See also Denis Lujanski's "CentOS 6 not booting with kernel-2.6.32-686.30.1.el6.x86_64" article in the NeCTAR "Known Issues" forum for more background information.
Reviving a stuck instance
If your instance has gotten into the state where it won't boot, in theory you can use the instance console to tell the "GRUB" bootloader to boot an older kernel. In practice, NeCTAR standard images have GRUB configured with a 5 second window for doing this, and that is typically too short.
To get past this point, you need to modify the "/boot/grub/grub.conf" file on the instance's root disk to change the GRUB timeout.
- If you have OpenStack command tools installed (and the relevant knowledge), it is worth trying to use "nova rescue ..." or "openstack server rescue ..." to get access to the root disk.
- Otherwise, you should submit a NeCTAR or QRIScloud support request asking for help.
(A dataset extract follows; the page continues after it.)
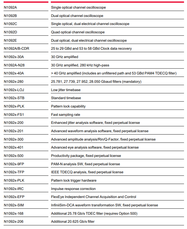• N1092A:一款 DCA-M 采样示波器,配有一个光通道和两个电通道。N1092A 适用于验证光发射机是否符合通信标准。光通道带宽为 40 GHz(选件 40A)、电通道带宽为 30 GHz。
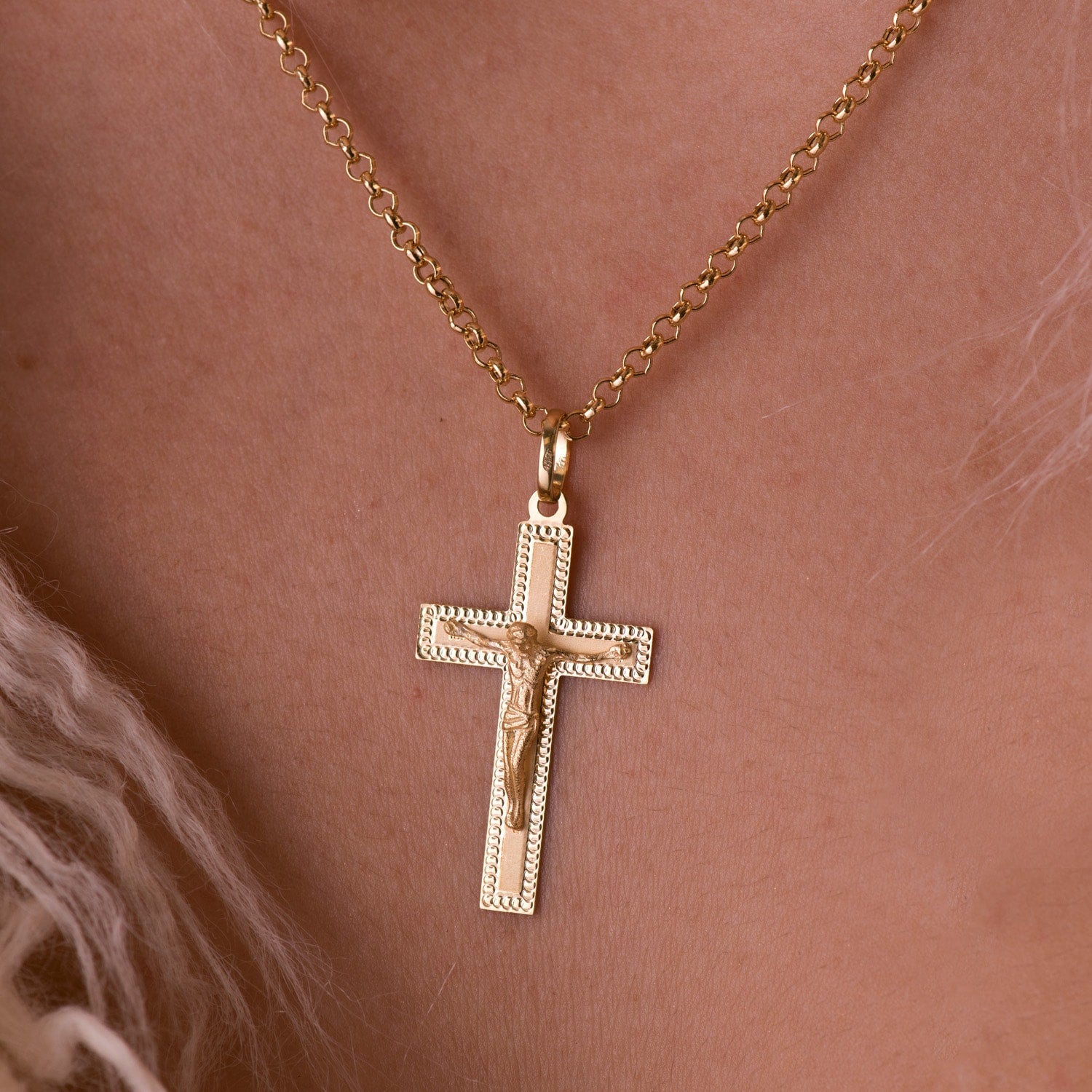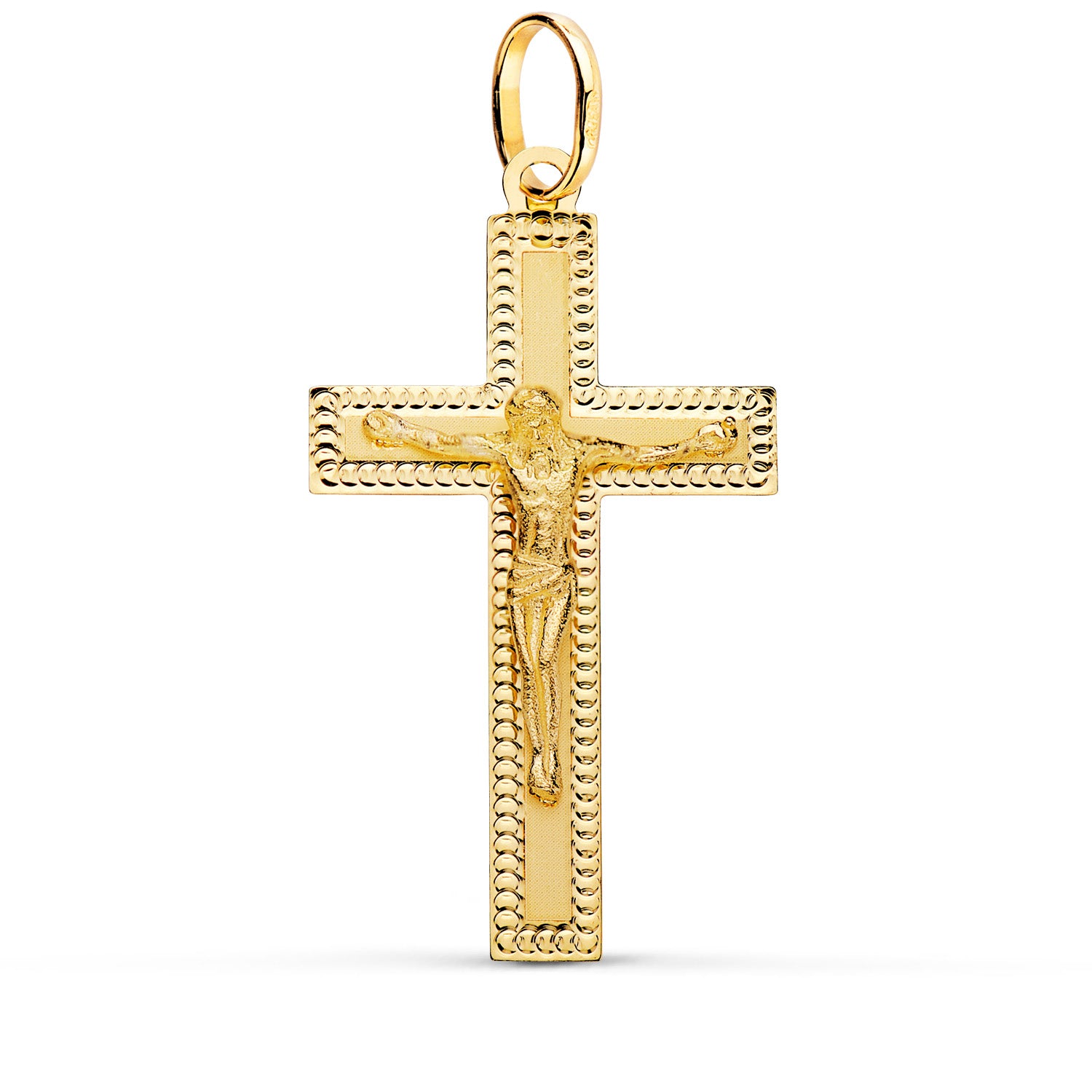 18K CRUZ ORO AMARILLO CON CRISTO TALLADA 35X20 MM

The previously mentioned article provides details on setting the GRUB timeout. We recommend increasing it to 30 seconds. That will give you time to get to the console and use the GRUB menu to boot an older (working kernel). Your instance should then work until the next soft or hard reboot.
Longer term solutions
The bug was reported to the CentOS maintainers a couple of weeks ago, but they are yet to provide a proper fix. Instead, they have suggested a workaround that (unfortunately) we cannot apply in NeCTAR because it would have a significant a performance impact on all NeCTAR instances.
We are strongly recommending that all users of CentOS 6 on NeCTAR should upgrade to a newer operating system at the earliest opportunity. Note that upgrading will give other benefits including new tools, newer versions of existing tools and fewer library dependency problems for 3rd-party software.
As a short term alternative to upgrading to a newer OS, you could do one of the following:
- Remove the package for kernel version 2.6.32-696.30.1 and pin the kernel package to an older version; e.g. 2.6.32-696.29.1. This is NOT recommended, as it is opting out of all further security kernel updates.
- Install and use a main-line kernel version 4.x.x-x.el6.elrepo.x86_64 from ELRepo.
The procedures for doing these two tasks are described in the previously mentioned article.